• _Problem to solve_:
Everything from the line containing "or, Argan dans" to the last line of the listing below should be restated exactly, both ends included, with nothing added and the pictures omitted.

• _Stored data_:
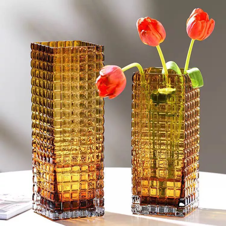 A modern and elegant glass vase, featuring geometric patterns and a warm amber color, adding a luxurious touch to any space. Perfect for arranging flowers or as a standout decorative piece.
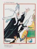 or, Argan dans un fauteuil entouré par deux médecins, gardes illustrées.
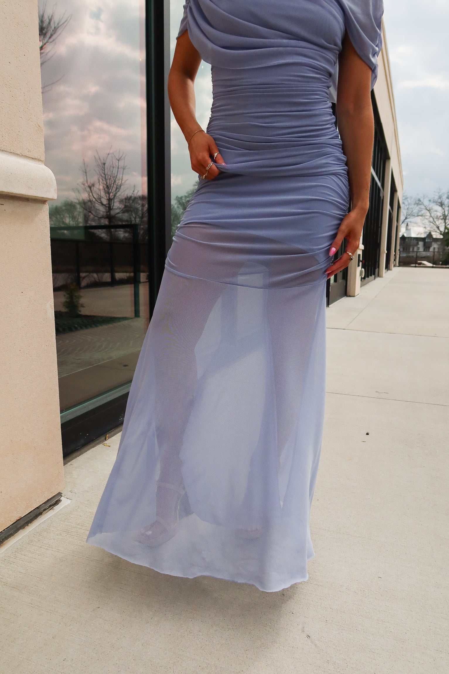 Alaina Blue Mesh Ruched Maxi Dress

• _Exercise output_:
 or, Argan dans un fauteuil entouré par deux médecins, gardes illustrées.
 Alaina Blue Mesh Ruched Maxi Dress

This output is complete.